6 financial mistakes to avoid in 2025
The contents provided on this page are for informational purposes only and do not constitute financial advice. Consider your personal circumstances and objectives before making any financial decisions.
The start of a new year is often a time for fresh goals and plans, but it’s also a chance to reflect on past financial missteps. Many people fall into the same traps year after year, which can set them back in achieving their financial dreams.
To help you stay money smart, let’s look at six common financial mistakes and how you can avoid them to stay on track!
1. Not tracking your spending
Failing to track your expenses is one of the quickest ways to lose control of your finances. Without a clear understanding of where your money is going, it becomes very easy, very quickly, to overspend or neglect important financial priorities.
How to avoid it
- Use budgeting tools
Apps like Beforepay can link to your bank accounts and categorise your spending automatically, giving you an easy view on where you’re spending. - Adopt the envelope system
You can try this to allocate cash to different spending categories. For some, physically seeing how much you have left can help them stay on track. - Set spending limits
Try assigning a monthly cap to your non-essential expenses, like dining out, to help you prevent overspending.
2. Ignoring debt
Debt, when ignored, can snowball into a larger problem due to accumulating interest and fees. Instead of pushing it to the back burner, being mindful and aware of your outstanding debts can help you avoid financial stress and financial strain.
How to avoid it
- Prioritise high-interest debt
Focus on paying off credit card balances and personal loans first, as they typically have the highest interest rates. - Consider debt consolidation
Combining multiple debts into one loan with a lower interest rate could help make your repayments more manageable. - Opt for safe borrowing alternatives
Alternative lending options like the online Pay Advance with Beforepay can help you with short-term assistance while avoiding the risk of late fees and payments, high interest rates and revolving debt traps.
3. Overspending on holidays and events
While holidays and special events are meant to be enjoyed, it’s easy to go overboard with spending during these times. Managing your spending on holidays and events can save you the financial regrets later, keeping your expenses within your means and protecting you from accruing unnecessary debt.
How to avoid it
- Set a budget in advance
Use budgeting spreadsheets or tools like Beforepay’s free in-app budgeting tool. Allocate a specific amount for gifts, travel, and entertainment and stick to it. - DIY where possible
Homemade gifts or potluck dinners can save money without compromising the joy of the occasion. - Use rewards points
If you’ve accumulated loyalty points from your credit card or other programs, consider redeeming them to offset holiday costs.

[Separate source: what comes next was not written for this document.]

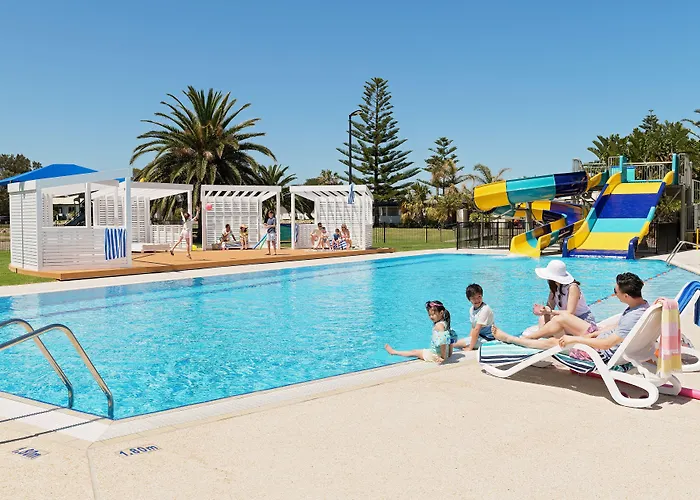 The Retreat West Beach Parks offers 4-star accommodations with direct beach access and comprehensive family-friendly amenities. Guests can enjoy heated swimming pools, water slides, and recreational facilities, all set within a lush natural environment. This Adelaide hotel features 91 deluxe shacks, ideal for couples and families looking for a relaxing getaway.

4. Not saving for emergencies
Life is unpredictable, and unexpected expenses like car repairs, medical bills, or job loss can occur at any time. Having an emergency fund can help you avoid turning to debt to cover your costs in these situations, and reduce any additional stress.
How to avoid it
- Start small
You could start with $1,000 as an initial emergency fund goal, then work towards 3-6 months’ worth of living expenses. - Automate savings
Set up a recurring transfer to a high-interest savings account dedicated to emergencies. - Cut back temporarily
Identify areas where you can reduce spending to build your fund faster, like reducing subscriptions or dining out less.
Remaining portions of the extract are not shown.